Obtain the equation of circle, centre (1,0) which passes through the point P (3,3/2). Find also the equation of circle which touches the given circle externally at P.

Given centre of circle, C(1, 0) and external point P(3, 3/2).

(x - h)² + (y - k)² = r²
(1 - 3)² + (0 - 3 / 2) = r²
(-2)² + (-3 / 2)² = r²
r² = 25 / 4
r = (5 / 2) units

Therefore the equation of the circle is,
(x - 1)² + (y - 0)² = (5 / 2)²
x² -2x + 1 + y² = (25 / 4)
On simplifying we get, 
4x² + 4y² - 8x - 21 = 0

The question should be "Find also the equation of the equal circle..." otherwise, there is insufficient information to be able to determine the equation of the circle.

Note:
When two circles touch externally, 
Distance between their centres = sum of their radii

Since the circles are equal, their radii are the same(= 5 / 2 units).
Since they touch externally at P and their radii are the same, P is the midpoint of the line joining the two circles.
Let the centre of the second circle be C(h, k)

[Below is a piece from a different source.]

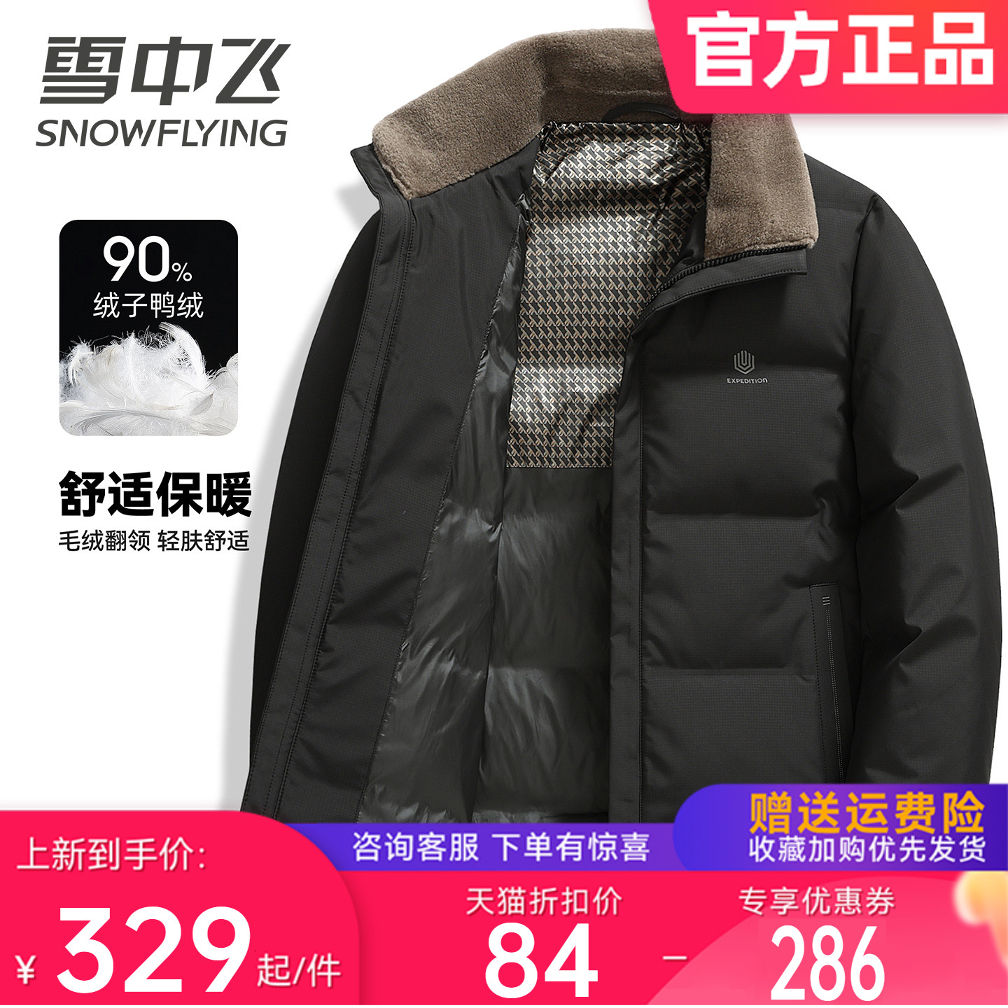 雪中飞男士中老年羽绒服短款2025年新冬季翻领爸爸装商务休闲外套

Applying midpoint formula, 
P_x = (h + 1) / 2
3 = (h + 1) / 2
h + 1 = 6
h = 5

P_y = (k + 0) / 2
(3 / 2) = (k + 0) / 2
k = 3

Therefore, the centre of the second circle C(h, k) = (5, 3)
The equation of the second circle is, 
(x - h)² + (y - k)² = r²
(x - 5)² + (y - 3)² = (5 / 2)²
x² + 25 - 10x + y² + 9 - 6y = (25 / 4)
On simplifying we get, 
4x² + 4y² - 40x - 24y + 111 = 0